The theoretical yield of water from Al(OH)3 is lower than that of H₂SO₄. As a consequence, Al(OH)3 is the limiting reactant, H₂SO₄ is in excess.
The balanced equation is:
2Al(OH)₃ + 3H₂SO₄ ⇒ Al₂(SO₄)₃ + 6H₂O
Each mole of Al(OH)3 corresponds to 3/2 moles of H₂SO₄. The molecular mass of Al(OH)3 is 78.003 g/mol. There are 15/78.003 = 0.19230 moles of Al(OH)3 in the five grams of Al(OH)3 available. Al(OH)3 is in limiting, which means that all 0.19230 moles will be consumed. Accordingly, 0.19230 × 3/2 = 0.28845 moles of H₂SO₄ will be consumed.
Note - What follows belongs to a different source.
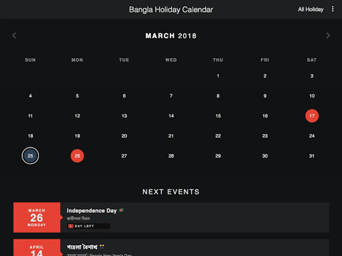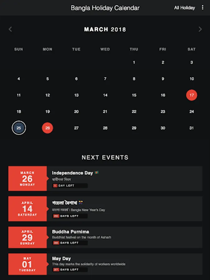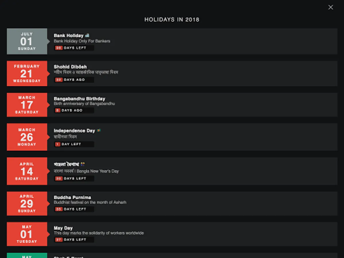 Discover the complete list of Bangladesh public holiday dates for 2023. This app shows you the dates for public holidays such as বাংলা নববর্ষ, ঈদ, দুর্গা পূজা, বড়দিন, and many others. You'll find all of the latest events from our local region also (হরতাল, অবরোধ, বাংলাদেশ ক্রিকেটের ক্রীড়াসূচি সহ গুরুত্বপূর্ণ অন্যান্য sports events).
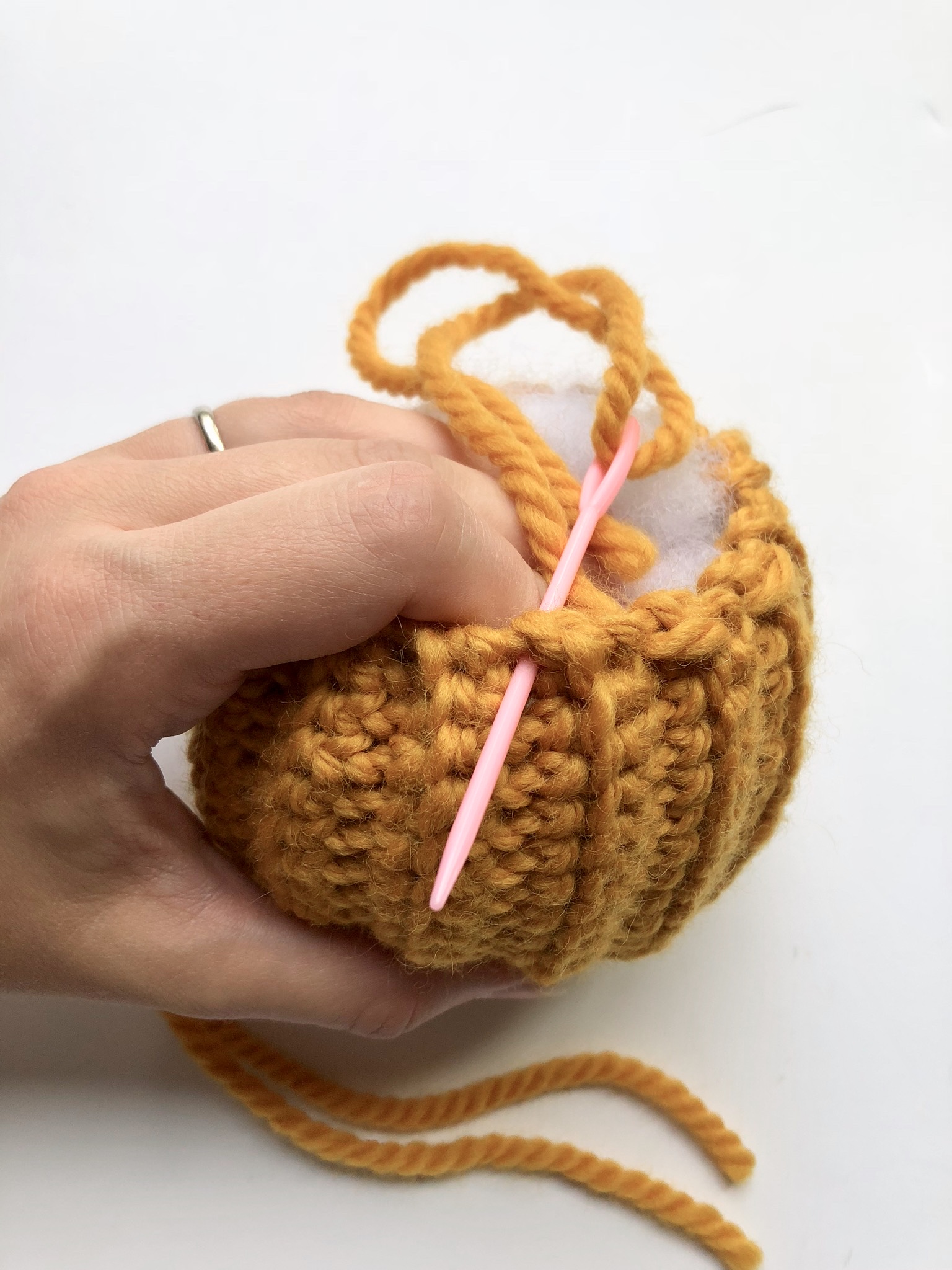 You should now have 4 strands hanging off your pumpkin (two on the bottom and 2 on the top). Using a darning needle, take each strand and wrap around the outside of the pumpkin’s body and pull through the center. Tie off as tight as you can and weave in the ends. If you would like more divots, add 2-4 additional strands around.

The molar mass of H₂SO₄ is 98.706 g/mol. The mass of 0.28845 moles of H₂SO₄ is 0.28845 × 98.706 = 28.289 g
40 grams of sulfuric acid is available, out of which 28.289 grams is consumed. The remaining 40-28.289 = 11.711 g is in excess, which is closest to the first option, that is, 11.73 grams of H₂SO₄.